My feeling is that personnal business is just that, but, there are times you have to use your own descretion and intervene.I don't comment on someones car, their sex habits, the type of clothes, religion etc. Another question is would you take a do nothing stance if you knew he was beating her? What' s the difference between betraying your vows and putting her life at risk and a good beating? In my eyes, they are both circumstances where you must do something,its just to bad everyone wants a no stress life ,don't get involved and only think of themselves.

This is not putting your nose where it does not belong, its not like your buddy even cares who knows, as long as its not his wife,he is by your own definition a habitual abuser!This guy is using and abusing his wife at so many levels its gross.
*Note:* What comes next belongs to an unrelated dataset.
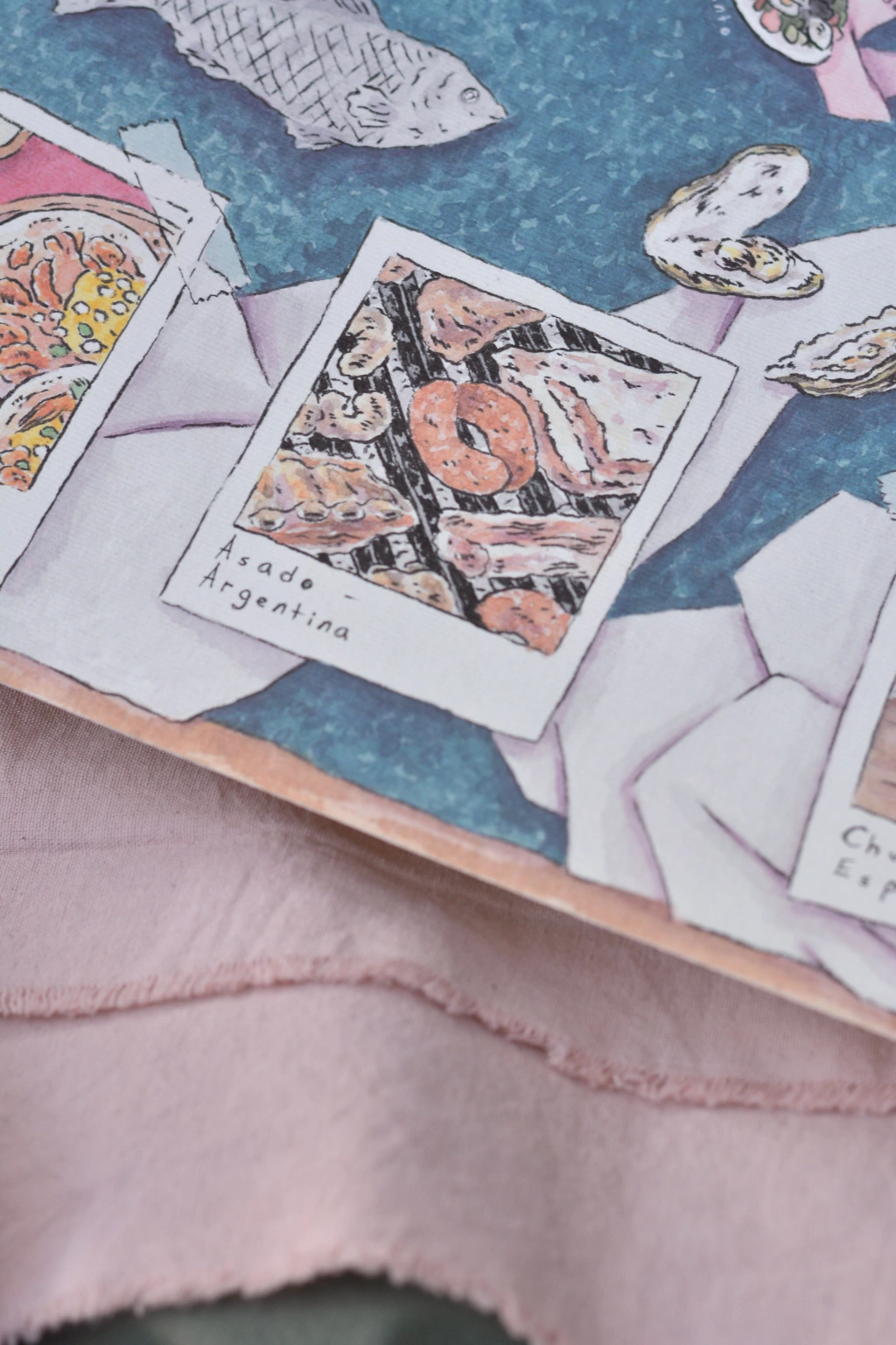 Mi punto de partida es Argentina por lo que decidí colocar a Latinoamérica en el centro del mapa. La investigación me llevó a recordar platos probados en viajes e informarme sobre platos en regiones que desconocía. La amplia diversidad y riqueza está presente en los colores de los platos debido a la vegetación de cada área, así como en las hibridaciones producto de diferentes contactos culturales que llevan a encontrar platos similares a pesar de la distancia o encontrarnos con platos totalmente diferentes.¨ explica la ilustradora.
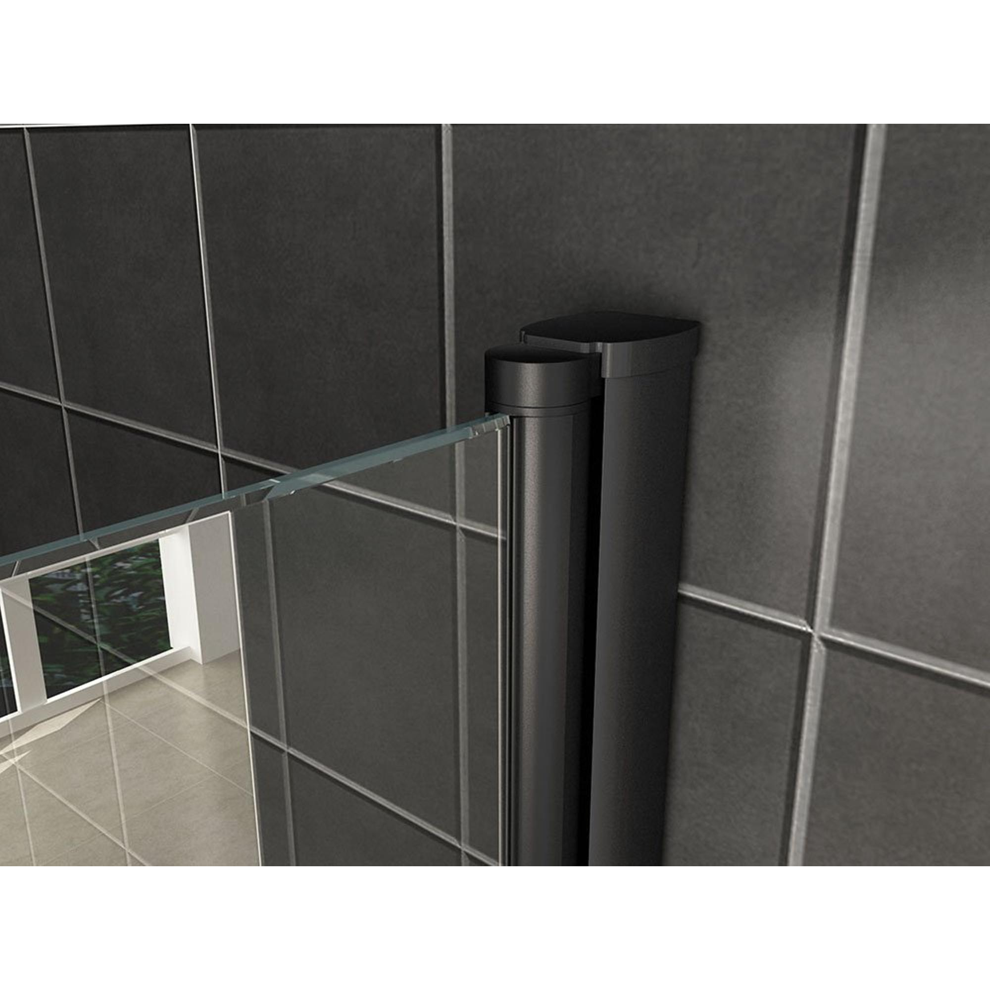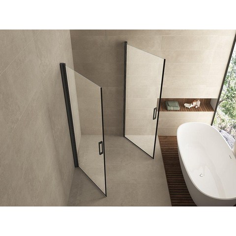 La cabine est équipée de deux portes battantes de 90 cm de large et 200 cm de haut, que vous pouvez ouvrir vers l’intérieur comme vers l’extérieur. Cela vous offre une liberté de mouvement maximale et rend l’entrée et la sortie particulièrement confortables, même dans les salles de bains plus petites. Les portes battantes sont montées sur des profils muraux noir mat réglables jusqu’à 20 mm, ce qui vous permet d’ajuster précisément la cabine au mur. Cette flexibilité assure un ajustement parfait et évite les problèmes liés aux murs irréguliers. Vous bénéficiez ainsi d’une installation sans souci et d’une finition soignée qui dure des années.

For you out there that vote for no intervention I hope you never get cheated on.If you do happen to go through a cheating spouse scenerio are you telling everyone here that you don't want to know?If you find out your best friend knew about the cheating and did nothing I'm sure your going to say to them"Gee, you must have been in a tough position, I know you kept me in the dark because we are good friends.OBTW I can't make our lunch next week because my kids are in therapy over this and then I have to head over to the clinic for my penicillan shot and AIDS test.Thank you good friend!"

 

Oh , and what about the girl he's cheating with, maybe she's an innocent in this, does she desreve the pain thats coming?

 

Tell her!

 

Your buddy is sick!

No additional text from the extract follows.